Somebody recounted that staple wires ran out of stock in local shops yesterday. Why staple wires? Standard. Money bills need to be stapled on sample ballots. These are then placed, at least for some modicum of dignity, inside little brown envelopes. Well, little brown envelopes had also run out of stock.
Today is Election Day but the voting is over. Yesterday was the crucial day, the day when candidates mount their special operations perfected through the years as both art and science. Dynasties have that added ability because they have been in politics long. In Cebuano-speaking regions, the operation is known as “kamang,” crawl. That very well describes the stealth of the procedure. Leaders descend upon neighborhoods in the dead of night, bringing stacks of envelopes filled with money. There is a list on hand, the better to check if beneficiaries have received the money after knocking on their doors.
It is a labor-intensive operation. For some, the candidate’s family members and trusted aides accompany the operators to guarantee actual handover of the goods.

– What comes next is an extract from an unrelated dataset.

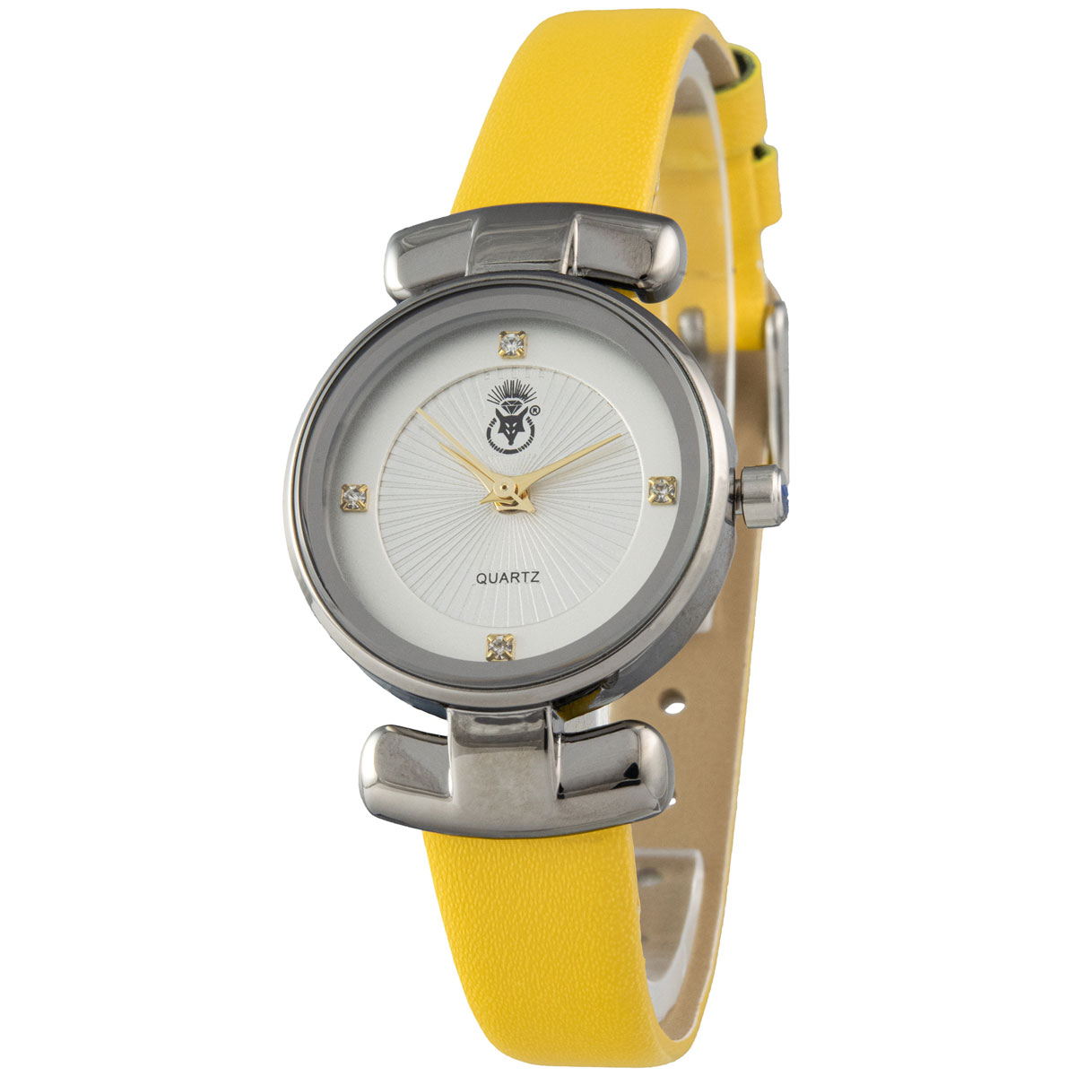 Das gelbe Armband mit Dornschließe macht die Uhr zu einem schönen Begleiter für den Sommer. Die Sonnenstrahlen werden auf dem weißen Ziffernblatt wiedergegeben. Unterstützt wird die sonnige Optik von goldenen Zeigern und 4 Schmucksteinen, die als Stundenpunkte dienen.

Easily, one-third of a candidate’s expenses are spent on vote buying. The total amount, however, all depends on the
cash that was hoarded, nay, stolen from public office. If pork barrel had been efficient (it is), it can even run up to half
or more of a candidate’s expenses. The average buying rate today in local government elections is at least P2,000 and that amount is paltry.

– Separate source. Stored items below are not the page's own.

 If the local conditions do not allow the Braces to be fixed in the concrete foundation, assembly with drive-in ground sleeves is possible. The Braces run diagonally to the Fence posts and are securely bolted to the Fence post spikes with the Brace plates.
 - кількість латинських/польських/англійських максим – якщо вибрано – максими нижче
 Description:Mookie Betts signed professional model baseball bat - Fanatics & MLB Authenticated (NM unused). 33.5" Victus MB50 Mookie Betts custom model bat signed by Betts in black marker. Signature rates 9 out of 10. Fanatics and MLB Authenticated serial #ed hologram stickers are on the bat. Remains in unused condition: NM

How is the cash sourced? For mayors and governors, there is the intelligence fund, proudly proclaimed as free of audit, hence the rampant abuse of it. There are a myriad of ways to raise the cash over three years in office; having ghost employees and ghost projects are among some. Then there is the SOP (standard operating procedure), a euphemism immediately understood among local governments in the context of infrastructure projects. The SOP used to be that 20 percent of the cost of infrastructure projects went to the pockets of the LGU head as grease money. It could go higher if the contractor was a favored one. After all, bids and awards procedures are just theatrically performed. That is a fact.
In local governments, the rule of thumb is: the mayor/governor/congressman on their last term is hard to beat because the plundered money accumulated over the past six years must have been enormous.

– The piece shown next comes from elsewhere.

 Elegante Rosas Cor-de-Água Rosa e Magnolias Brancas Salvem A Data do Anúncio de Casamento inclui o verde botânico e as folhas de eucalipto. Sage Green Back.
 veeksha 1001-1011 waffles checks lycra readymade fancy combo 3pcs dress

District congressmen and senators also give money to the local candidate, to ensure their names are on the sample ballots stapled on the money bills. An Imee Marcos win, for example, is not unfathomable to understand in this context. The presence of that sample ballot is brazen. It is hard evidence of vote buying, a crime punishable under our laws. But pray tell me, who is the politician who is not brazen?
Vote buying is one of the most severe kinds of bullying against our democracy. It has both paper and bank transaction trails yet we, our electoral laws and the Commission on Elections, look the other way. The crime has become an inevitable fact of our political life. It is one of the greatest moral dilemmas we hardly admit to.
Receivers are not exactly clueless where the money is coming from. Public office is this country’s wealthiest source of funds. What is more vexing is how we have lost all sense of moral compass about this audacious crime.
And so, we have allowed public servants this formula every three years: buy votes today, recover the money in the next three years.
Metro Manila’s political analysts who chatter in our behalf on national television seldom talk about vote buying. But it is a stark reality in the provinces. It feeds precisely on economic disempowerment. Ever wonder why we remain poor? That poverty is imposed. That is the fate we get from our gods of politics.
Calloused as we already all are, vote buying is no shocking revelation. It is as mundane as it is pedestrian. In fact, it begins at the Sangguniang Kabataan elections. Training must start young, to ensure future careers as thieves, plunderers and liars.
The election results were sealed yesterday, not today. Today is just an expensive theater of the absurd.